Shakespeare sneaks into a ball at the house where Viola’s parents are arranging her betrothal to an impoverished aristocrat, Lord Wessex. While dancing with Viola, Shakespeare is speechless and banished by Wessex, who threatens to kill him, causing Shakespeare to say he is Christopher Marlowe. He finds Viola on her balcony, where they confess their mutual attraction before being discovered by a nurse and he escapes.
Inspired by Viola, Shakespeare quickly turns the play into what would become Romeo and Juliet. Rehearsals begin with “Thomas Kent” as Romeo, lead tragedian Ned Alleyn as Mercutio, and Fenniman the bachelor party in a small role. Shakespeare discovers Viola’s true identity and they begin a secret romance.
Viola is summoned to court to get approval for her proposed marriage to Wessex. Shakespeare accompanies her, disguised as her cousin, and convinces Wessex to bet £50 that the play can convey the true nature of love, the amount Shakespeare demands to buy a stake in Chamberlain’s Men. Queen Elizabeth I says she will adjudicate the case.
Burbage finds out that Shakespeare seduced Rosaline and tricked him into not paying for the play, and starts a fight at Rose’s with his company. Rose’s players push Burbage and his men away and celebrate in a pub, where a drunken Henslow informs Viola that Shakespeare is married, though separated from his wife. News arrives that Marlowe has been killed, and Shakespeare, wracked with guilt, assumes that Wessex killed Marlowe, believing he was Viola’s lover. Viola believes that Shakespeare has been murdered, but he shows up at her church, scaring Wessex, who believes him to be a ghost. Viola confesses her love for Shakespeare, but both admit that she cannot escape her duty to marry Wessex.
John Webster, an obnoxious boy who hangs around the theater spying on Shakespeare and Viola making love and informs Tilney, who shuts down Rose for violating the ban on female actors. Viola’s identity is revealed and they are left without a stage or lead actor until Burbage offers his theater and a heartbroken Shakespeare takes over the role of Romeo. After the wedding, Viola learns that a play will be performed that day and runs away to the Curtain. She overhears that the boy playing Juliet cannot act, his voice is broken, and Henslow asks her to fill in for him.
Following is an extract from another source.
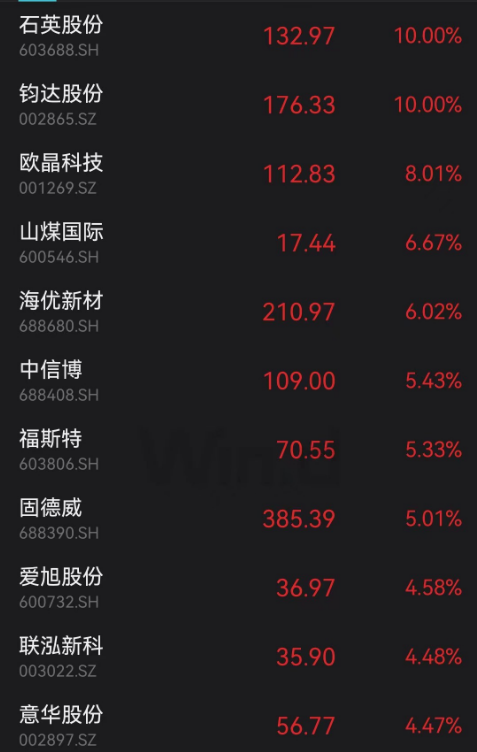 今日新能源赛道反弹,光伏领涨。截至收盘,钧达股份、石英股份涨停,欧晶科技、海优新材、福斯特、固德威等涨逾5%,晶科能源、阳光电源和“光伏茅”隆基绿能涨幅也在3%以上。

She plays Juliet in Shakespeare’s Romeo to an admiring audience.
Tilney arrives to arrest everyone for obscenity due to Viola’s presence, but the queen reveals herself and restrains him, instead claiming that Kent’s resemblance to a woman is “remarkable”. Unable to end her legal marriage, she orders Kent to “deliver” Viola to sail with Wessex to the Virginia Colony. The Queen informs Wessex, who has followed Viola to the theater, that Romeo and Juliet have won a bet on Shakespeare and asks Kent to hand over his £50 with instructions to write something “a little more fun next time, for Twelfth Night”.
Viola and Shakespeare say goodbye, and he vows to immortalize her, as he imagines the beginning of Twelfth Night, in character as being rejected by a disguised as a human, after traveling to a foreign land.